Narratives and allegations are not facts, despite what the media would have us believe.
In March 2007 the New York Times Magazine ran a stunning 12,000-word cover story on the subject of “The Women’s War.” It told the story of several female veterans of the war in Iraq, of the sexual assault some had endured in the military, and of their subsequent struggles with alcoholism, depression, PTSD and other effects of combat.
Among the most compelling characters in the piece was a woman named Amorita Randall, who claimed she had barely survived an IED attack on her Humvee and that she had been raped twice in her six years of Navy service.
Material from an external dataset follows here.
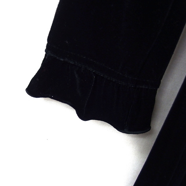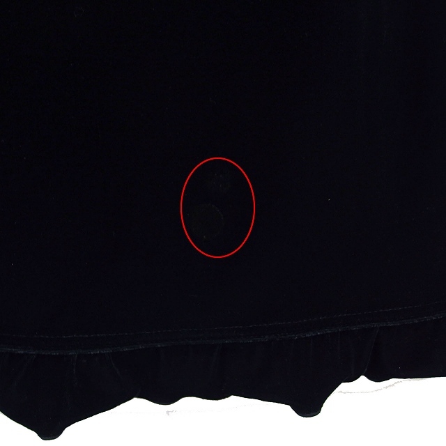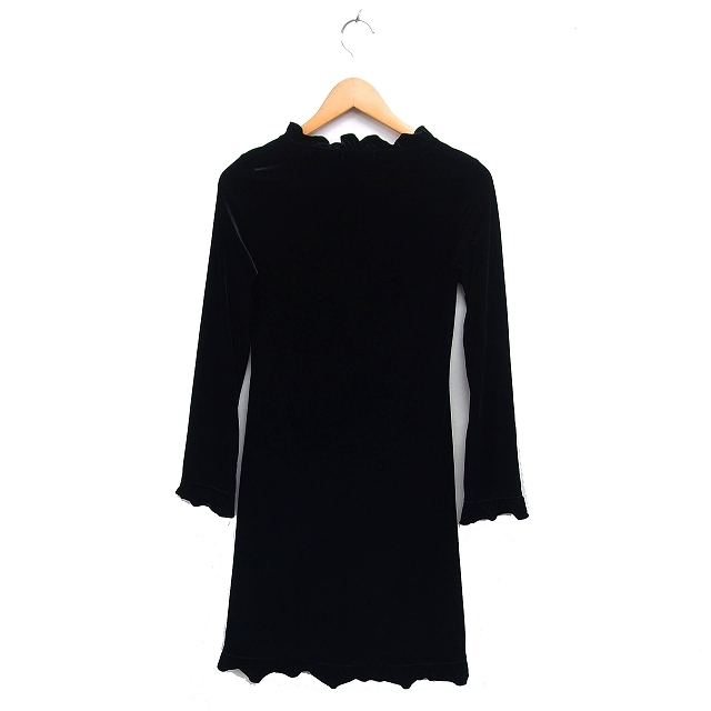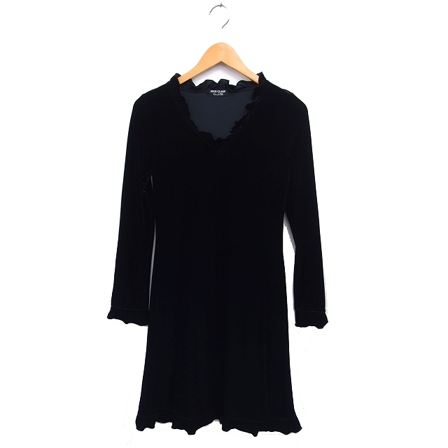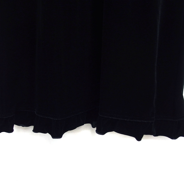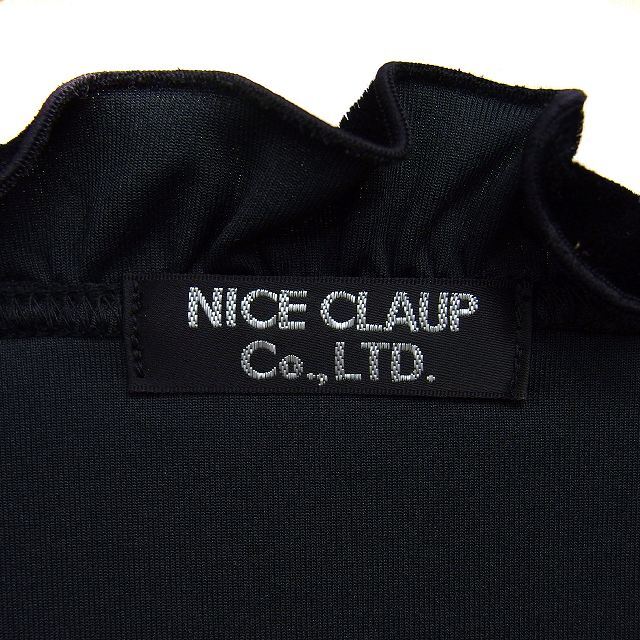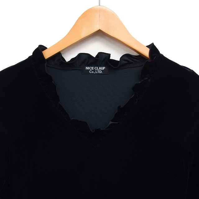 ナイスクラップ NICE CLAUP フリル ベロア ワンピース フレア ひざ丈 Vネック 長袖 黒 ブラック /NT5 レディース

She claimed to have reported the second incident to her commanders only to be told “not to make such a big deal about it.”
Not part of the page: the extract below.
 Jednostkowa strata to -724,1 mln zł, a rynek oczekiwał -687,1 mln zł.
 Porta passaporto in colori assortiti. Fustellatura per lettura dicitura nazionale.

The details are gruesome: “I remember there were other guys in the room too,” Ms. Randall told the Times. “Somebody told me they took pictures and put them on the Internet.” Ms. Randall, added reporter Sara Corbett, “says she has blocked out most of the details of the second rape—something else experts say is a common self-protective measure taken by the brain in response to violent trauma—and that she left Iraq ‘in a daze.’ ”
Only one problem: “Ms. Randall did not serve in Iraq, but may have become convinced she did,” as the Times later acknowledged in an Editors’ Note. Instead, her overseas service was spent in Guam, 6,200 miles away from the combat zone. The Navy, the Times added, “had no record of a sexual-assault report involving Ms. Randall.”